Tiny Tank (marketed as Tiny Tank: Up Your Arsenal) is a third-person shooter platform game developed by AndNow and Appaloosa Interactive. Initially meant to be published by MGM Interactive in late 1998, they dropped the title and gave it to Sony Computer Entertainment America. It was released in 1999 for the PlayStation.

Gameplay
The player controls Tiny as he traverses many levels, eliminating SenTrax forces as he goes. There are two bars at the top of the screen that show Tiny's health and the amount of nanometal acquired. Nanometal is essential for the on-board Fix-It Crabs to repair Tiny. If the nanometal meter runs out, health cannot be regenerated. There is also a map on the upper right hand corner identifying the surroundings, enemies, and mission objectives.

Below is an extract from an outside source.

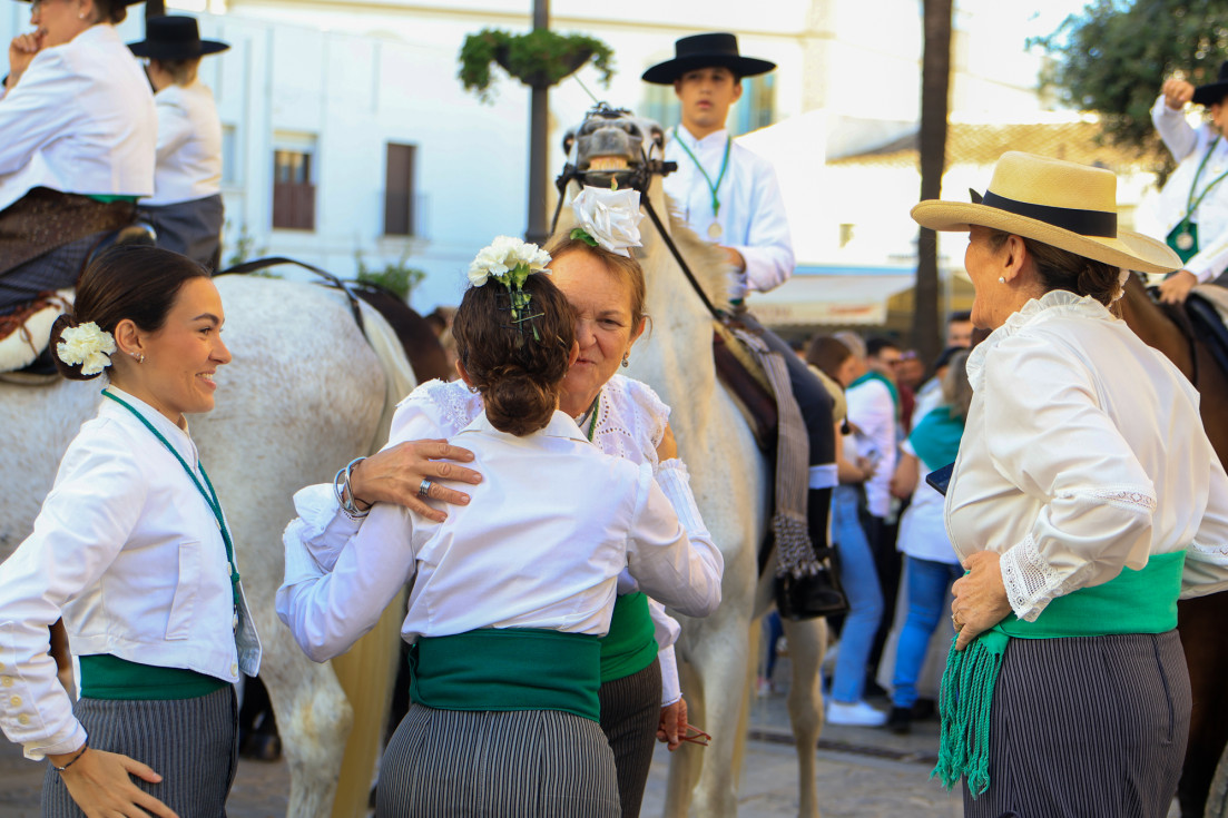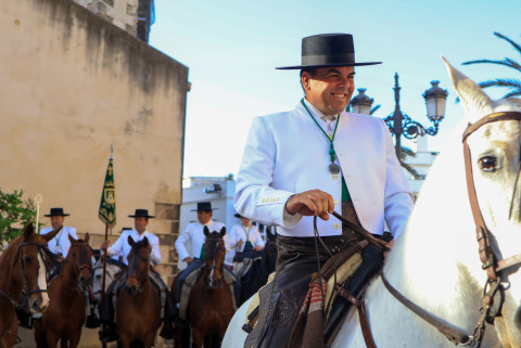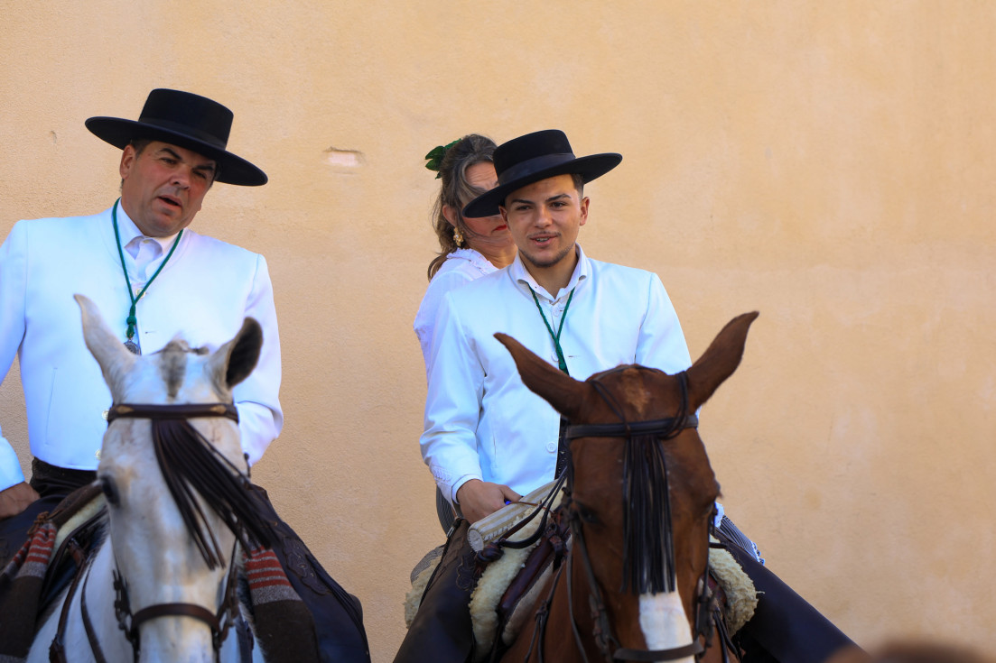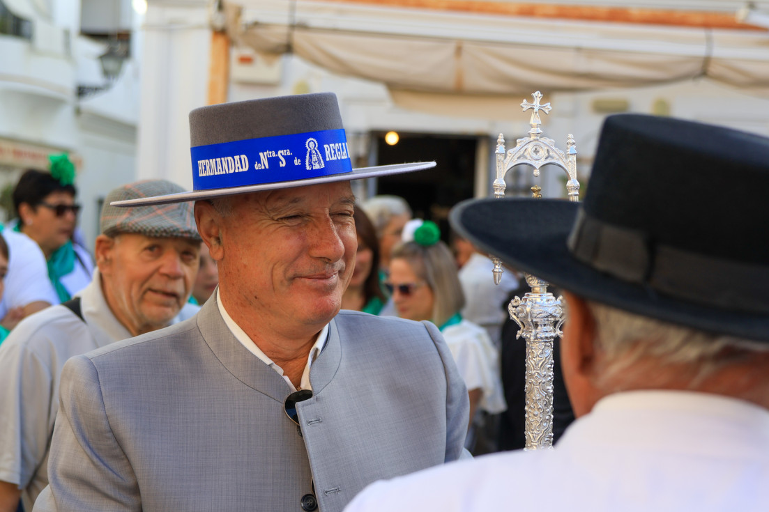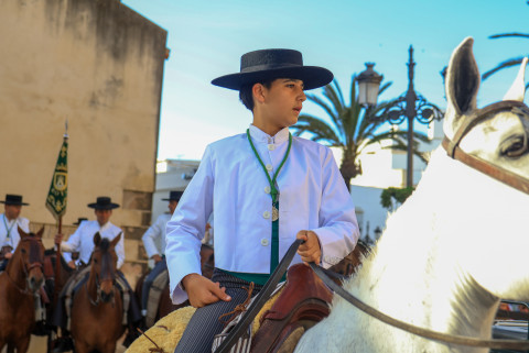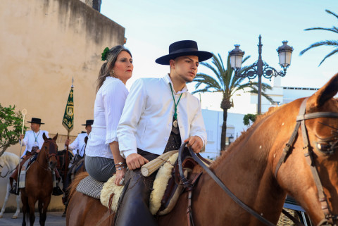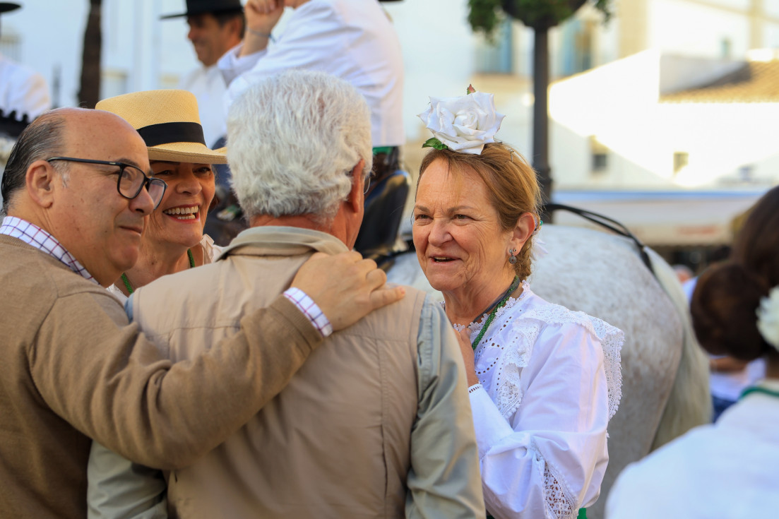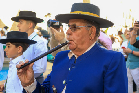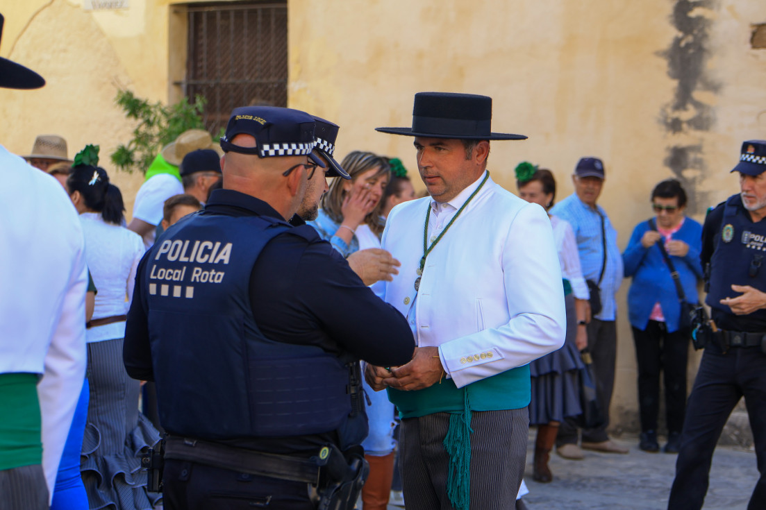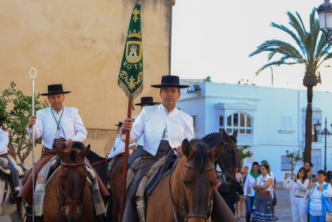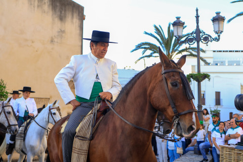 Como siempre, el pitero Antonio Vázquez acompaña con los sones de su pito rociero y los roteños que acompañan lo hacen cantando, especialmente, los grupos y peñas de las carrozas que cierran la comitiva.

Tiny can pick up fallen parts from destroyed enemies:
Positronic Brains (P-Brains) - A robot's artificial intelligence system. Can be used to improve and upgrade equipped weapons.
Weapons - Fallen weapons can be attached to Tiny's four weapon hardpoints.
Debris (Nanometal) - Essential for the on-board Fix-It Crabs to repair Tiny.
There are also other upgrades that are placed around the levels themselves that can be acquired:
Invulnerability - Temporary invulnerability.
Nanometal - Essential for the on-board Fix-It Crabs to repair Tiny, but these possess much more material than enemy debris does. Appears as a gray rectangular container.

Tiny also has deployable "Teeny Weeny Tanks", even smaller versions of himself that can be manually controlled or set to hunt enemies, gather upgrades, or protect Tiny.

Plot

The game's plot takes place in sometime before 2098 A.D., all of Earth's armed forces were disintegrated into one large corporation, SenTrax. SenTrax vowed to create a robot army to fight humanity's wars, so mankind itself would not have to. However, they needed the peoples' vote to set this plan into motion, and thus developed the titular "Tiny Tank" - a small yellow tank with an occasionally unfriendly attitude. The creation of this cute killing machine made SenTrax's popularity skyrocket, and won them the vote. As thanks, the corporation set up an exhibition showing their yellow mascot fighting off the entire SenTrax army on July 4, 2098, broadcast live over the Internet. However, when the rehearsal began, one of the SenTrax robots had been accidentally fitted with live ammunition and destroyed Tiny with one shot. As a result, Tiny's "positronic brain" (his artificial intelligence system) shattered, and its shards gave "life" to the entire robot army. The robot that had fired the shot, now self-aware and calling himself Mutank, took control of the rampant robots and began to eliminate humanity so that machines could thrive. Humanity was forced to evacuate into underground asteroid shelters as the mechanical army conquered the surface.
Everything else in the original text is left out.